**Given material:**

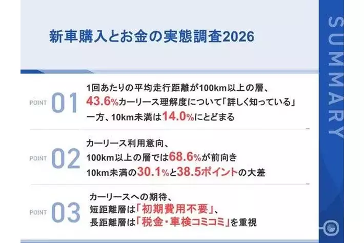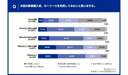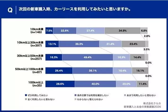 1回の走行距離100km以上の新車購入者、約7割が「カーリースを利用したい」一方、10km未満では利用意向30.1%にとどまる
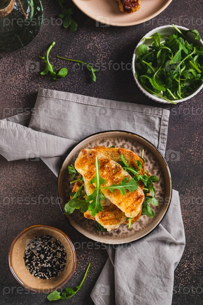 Жареный бутерброд Halloumi и Arugula на тарелке на столе и с вертикальным видом
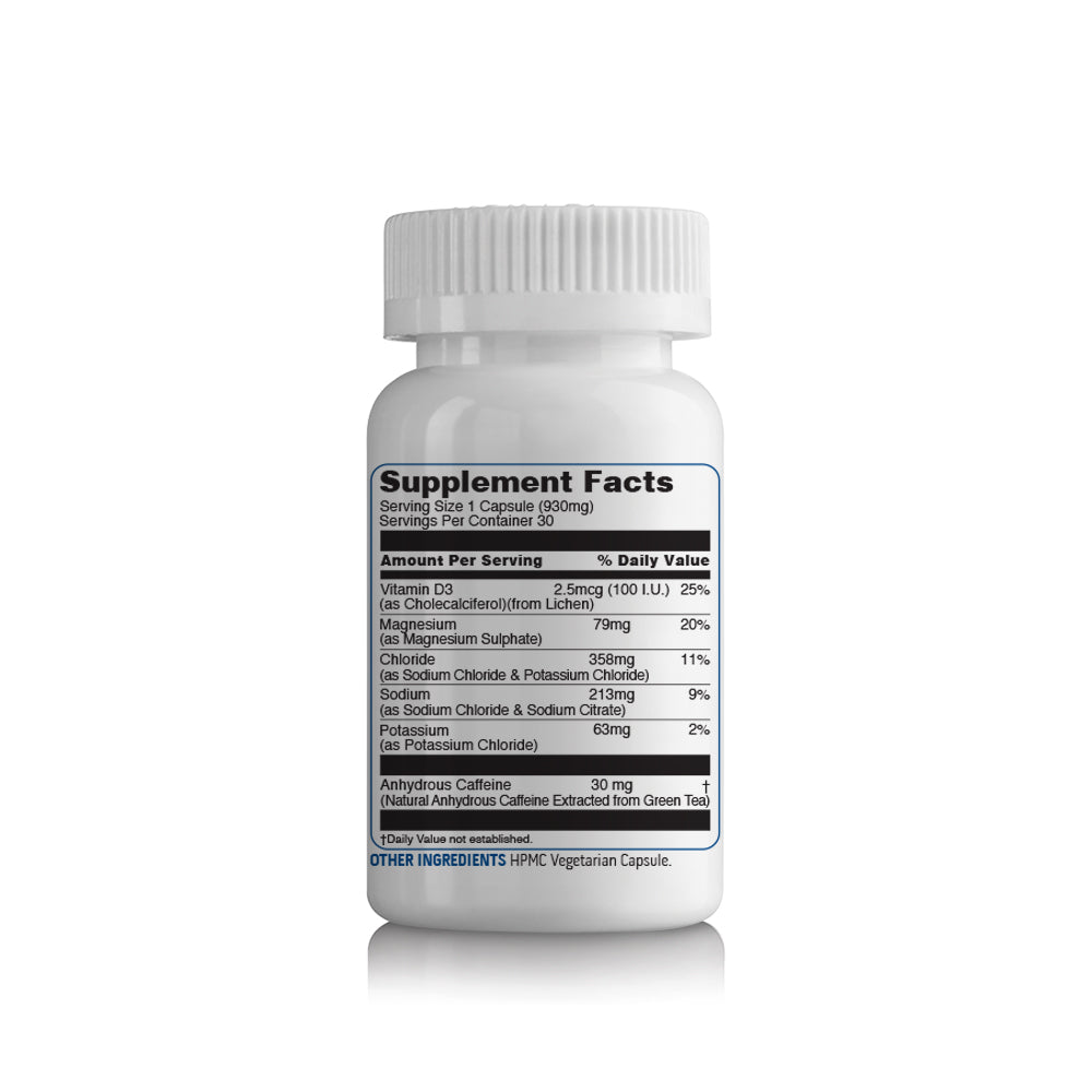 Chloride [as Sodium Chloride and Potassium Chloride], Sodium [as Sodium Chloride and Sodium Citrate], Potassium [as Potassium Chloride], Magnesium [as Magnesium Sulphate], Anhydrous Caffeine [from Green Tea], Vitamin D3 [as Cholecalciferol], HPMC Vegetarian Capsule

**Problem details:** Write out the material above without changing a word, and skip any picture.

**Answer to the problem:**
 1回の走行距離100km以上の新車購入者、約7割が「カーリースを利用したい」一方、10km未満では利用意向30.1%にとどまる
 Жареный бутерброд Halloumi и Arugula на тарелке на столе и с вертикальным видом
 Chloride [as Sodium Chloride and Potassium Chloride], Sodium [as Sodium Chloride and Sodium Citrate], Potassium [as Potassium Chloride], Magnesium [as Magnesium Sulphate], Anhydrous Caffeine [from Green Tea], Vitamin D3 [as Cholecalciferol], HPMC Vegetarian Capsule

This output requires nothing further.